2065 words - 8 pages

In short, both Frankenstein and Jekyll inevitably draw some comparisons because they were people who were willing to disregard any sort of moral compass that they had in order to satisfy their own personal desires. As we saw with Frankenstein, he was so concerned with his own gain for intellectual wealth that he was defiling the graves of people who have passed and when his abomination came to fruition, he carelessly allowed it to hurt the people around him until no one close to Victor was left, which was when Frankenstein decided to hunt his creature to the ends of the earth, having nothing to live really live for. For Jekyll, he continuously used his transcendental medicine to the point where it got out of hand and Hyde senselessly killed Sir Danvers Carew in broad daylight, which is when he actually decides to stop using his formula.
However, for Hyde, he becomes a representation of this mysterious figure for the other characters in the story, similar to Sigmund Freud’s concept of the uncanny.
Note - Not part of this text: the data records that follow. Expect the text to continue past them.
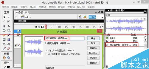 5、這時候我們在FLASH中導(dǎo)入轉(zhuǎn)換后的WAV格式聲音,發(fā)現(xiàn)這里成功了。
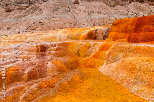 yellow and orange flowstone around Crystal Geyser (Green River, Utah, USA)
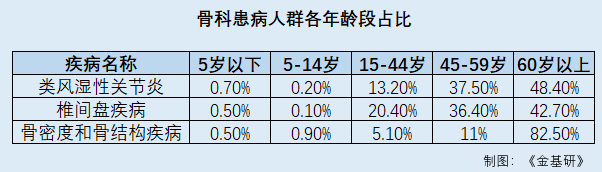 而骨科疾病发病率与年龄相关性极高,随着年龄的增长,人体发生骨折、脊柱侧弯、脊椎病、关节炎、关节肿瘤等骨科疾病的概率大幅上升。根据《中国健康卫生统计年鉴(2019)》关于“2018年中国医院出院病人年龄与疾病构成”的数据统计,在骨科患病(以类风湿性关节炎、椎间盘疾病、骨密度和骨结构疾病为例)人群中,60岁以上年龄阶段的人群占比远高于该年龄段以下的人群占比。
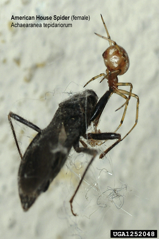 House spiders (Achaearanea tepidariorum) are common in barns and houses, where they construct webs in the corners of walls, floor joists, and windows. Because they frequently abandon their web to build new ones nearby, they can produce many webs in a short period of time.
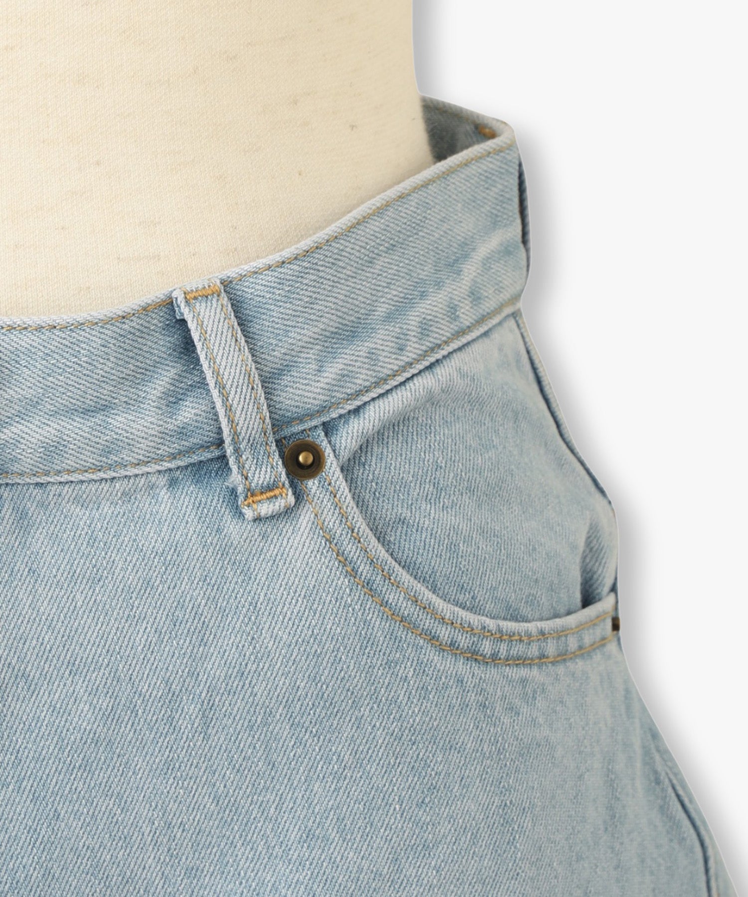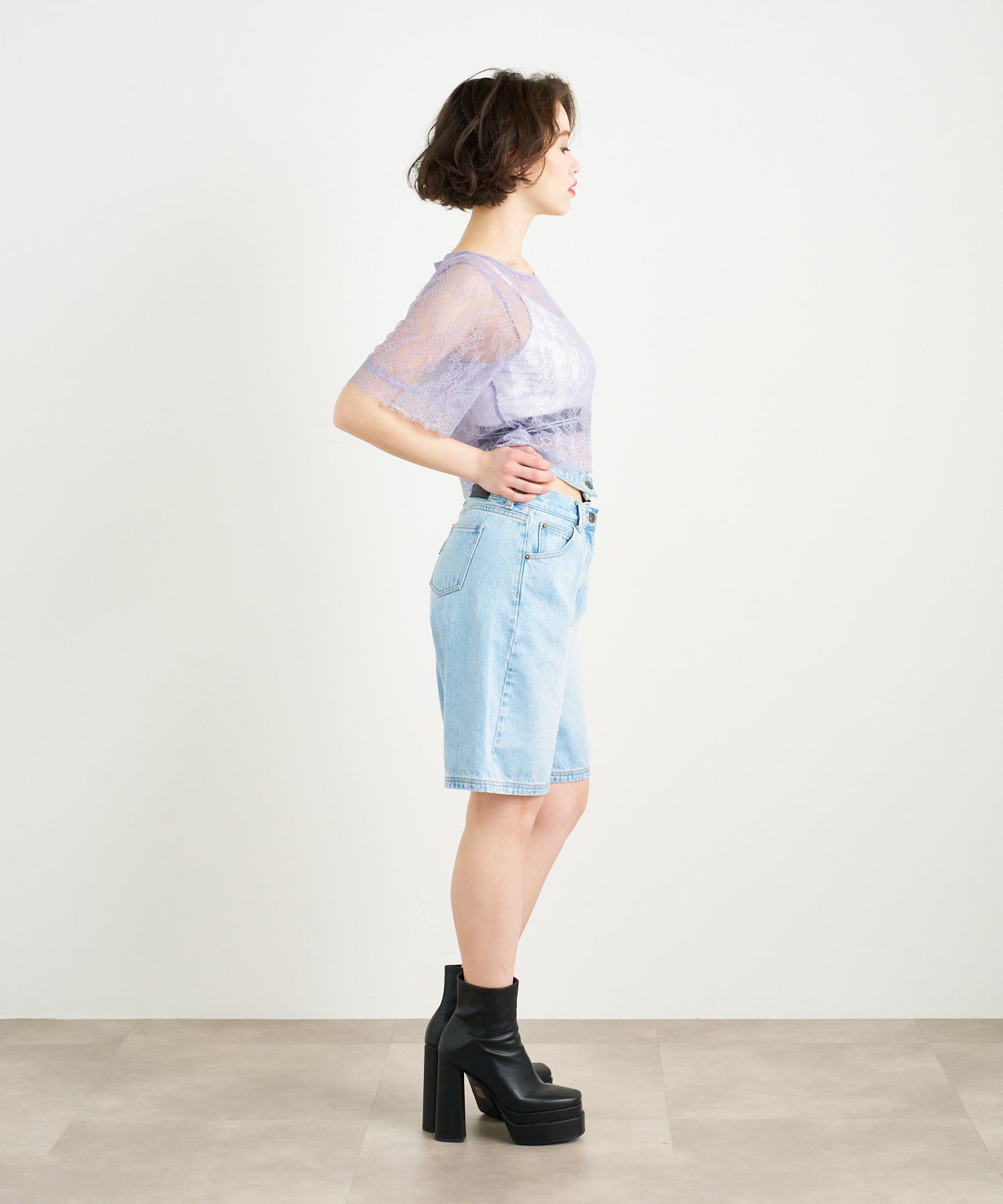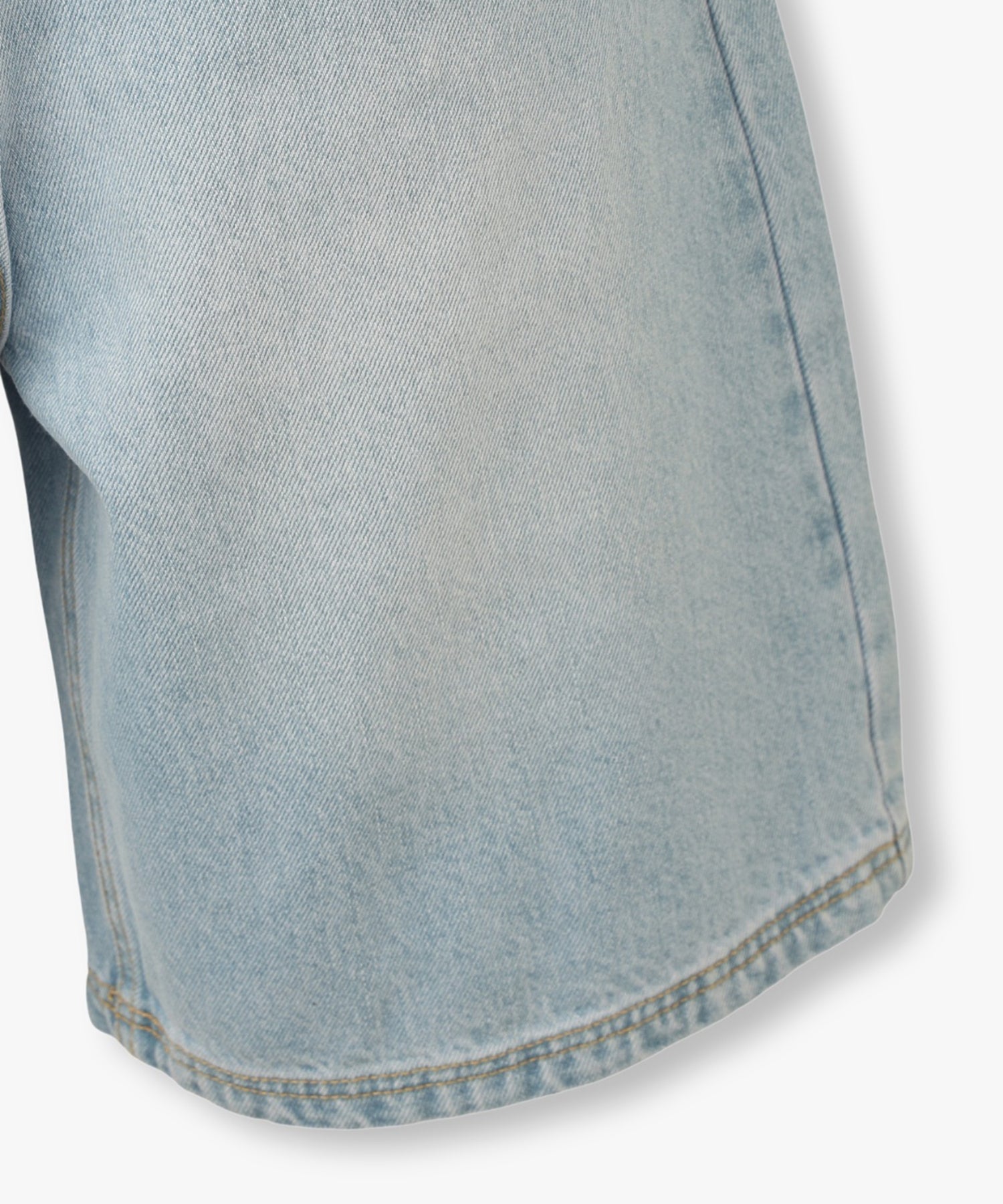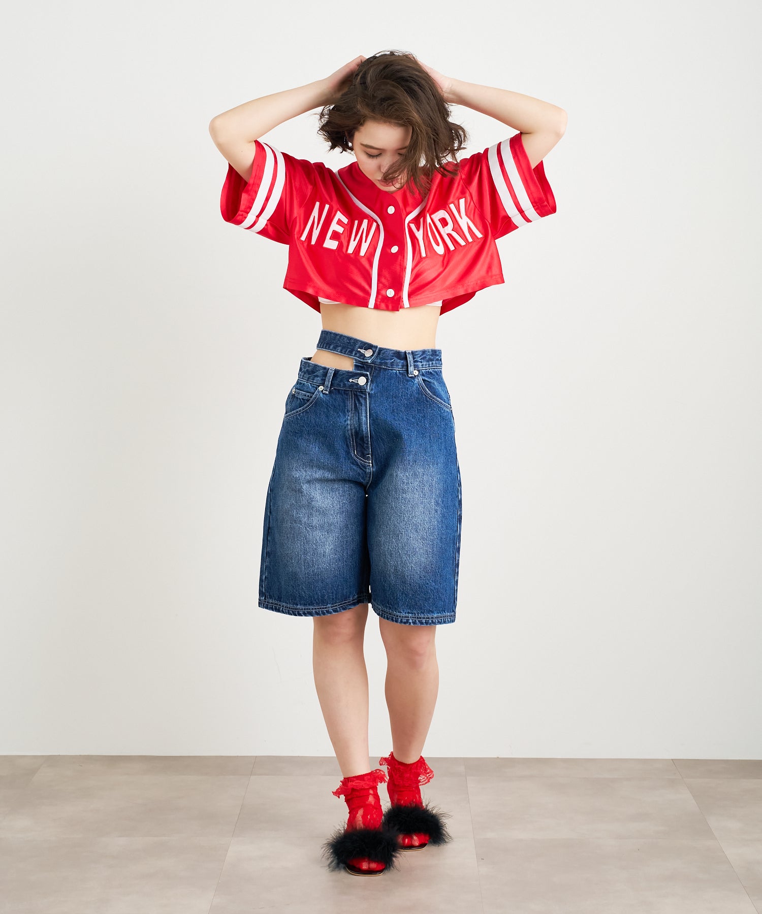 ゆったりとしたワイド巾のデニムハーフパンツ。ウエストが2段になっており、アシンメトリーなデザインがモード感溢れるデザインに!ベルトとベルトの間からチラリと見える腰元がセクシーさを表現してくれます。トップスをインしてベルトの隙間から見える服が遊び心あるスタイリングに!

According to Freud, the uncanny is simply “that class of terrifying which leads back to something long known to us, once very familiar” (Freud 1-2). In The Strange Case of Dr. Jekyll and Mr. Hyde, Edward Hyde fits this concept of the uncanny. This is because in the eyes of characters such as Mr. Utterson and Mr. Enfield, Mr. Hyde represents this with the obvious qualities that are reprehensible and consistent with that of a monster (his disproportionate figure, his way of treating others). However, when looking at him, there is a sort of indefinable quality about him that simply irks both Utterson and Enfield. It could be due to the fact that Hyde somewhat reminds them of their friend Jekyll at a subconscious level, who they have not seen in quite some time. Through this concept of the uncanny, we can see how this potentially subconscious familiarity strikes fear in the hearts of both Utterson and Enfield.
Not only that, but Otto Rank’s whole concept of the double (which is mentioned by Freud in The Uncanny) remains relevant in making the argument of how both Dr. Jekyll and Mr. Hyde are monstrous figures in Stevenson’s story. Doubling is the ability for one’s ego to take on various forms (mirrors, shadows, guardian spirits, etc.) and usually primitive and narcissistic in nature, giving a person this sense of immortality (Freud 9-10). However, when that narcissism is taken away, one loses that concept of immortality and the possibility for death becomes very real for the person who loses it.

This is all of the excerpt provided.